United States is estimated at forty eight and one third billion annually: Thirty one and three quarters billion in hospitalization costs and another sixteen and one half billion in costs associated with fatalities. The CDC estimates the total cost of acute care and rehabilitation for TBI victims in the United States is $9 billion to $10 billion per year, not including indirect costs to families and society. It is estimated that over a lifetime, it can cost between six hundred thousands and one million and eight hundred and seventy five thousands to care for a survivor of severe TBI.

Most Americans are not aware of the magnitude of the TBI problem and do not view injury as a preventable public health problem. Due to a lack of awareness about the risk factors and circumstance that lead to traumatic brain injury, blame for TBI tends to be placed on the victim or to be seen as the result of a tragic, unpredictable accidents.

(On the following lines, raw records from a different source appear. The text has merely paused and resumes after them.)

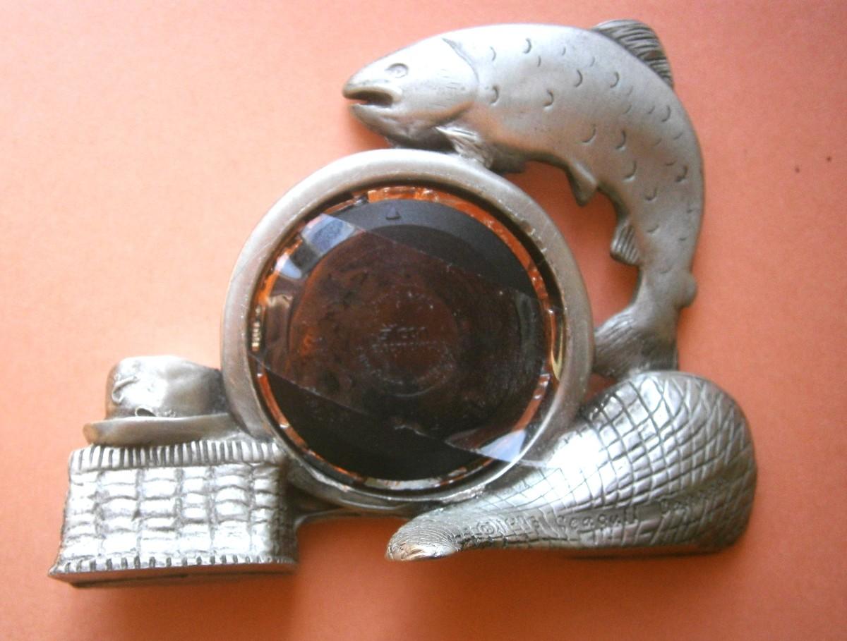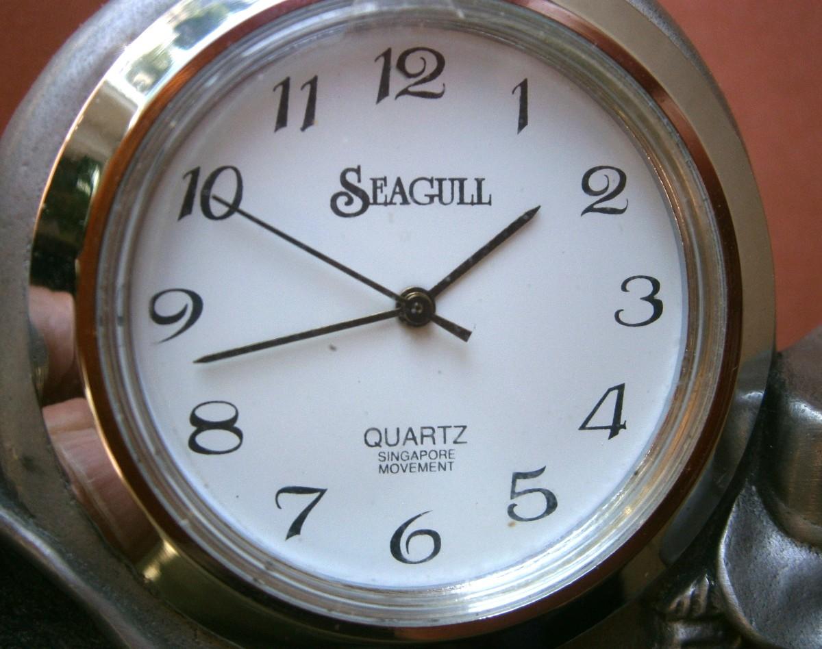 SEAGULL Pewter Desk Clock with Fishing Motif, 2 1/2 in. tall, quartz movement (not working - probably just needs a new battery), movement is loose.
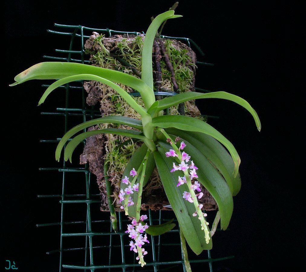 Found in the Chinese Himalayas, western Himalayas, Assam, Bangladesh, India, eastern Himalayas, Nepal, Bhutan, Sikkim, Myanamar, Thailand, Laos, Cambodia, Vietnam, Malaysia and Borneo in lowlands and low montane riverine forests at elevations [200 to 300, Borneo] below 1300 meters as a small sized, hot to warm, pendant growing epiphyte with an elongated, branching, turning pendulous stem carrying several linear, axillary, unequally and obtusely bilobed apically leaves that blooms in the summer through winter on an lateral, simple, 2 3/4" to 6 3/4" [7 to 17 cm] long, densely many flowered inflorescence with triangular-ovate, acute to acuminate floral bracts and the fleshy, successively opening flowers arranged in a spiral
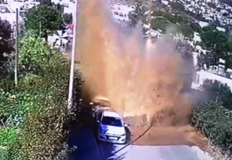 Muğla’nın Bodrum ilçesinde ana su hattı borusunun bomba gibi patladığı anlar güvenlik kamerasına yansıdı. Patlamanın etkisiyle asfaltlar yerinden sökülürken, 2 araçta maddi hasar oluştu.
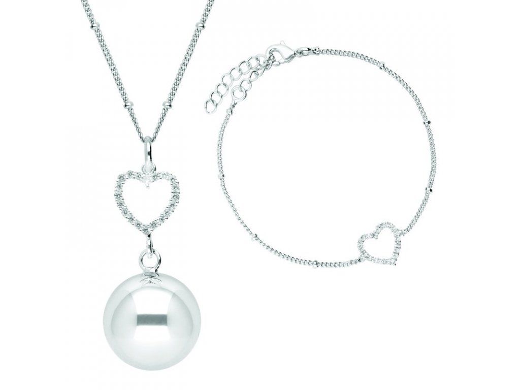 Tehotenská rolnička s náramkom Crystal Heart in silver
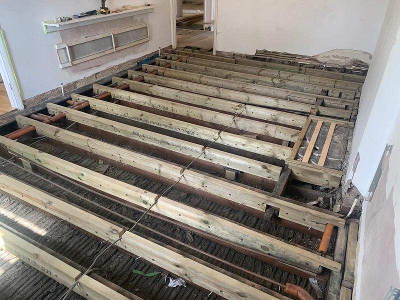 Floor levelling and sanding.

Such a view incorrectly perpetuates the idea that injuries are unavoidable and inevitable. The government spends millions every years in advertisements for political and civil actions. If Washington D. C. would spend two to three millions on billboards, television nd computer education to teach the seriousness of Traumatic Brain Injury. It would save Americans more than a hundred times that investment. To spend a little time and money it could possibly save over one thousand lives every year. The lives it saves yearly could pay back more annually in taxes, then the cost to teach the public the serious danger to our children and our elders. One simple falling down of a person one month to four years old could cost the government an entire lifetime of taxes. If the government could consider this that way they would certainly spend the money to save our children’s lives.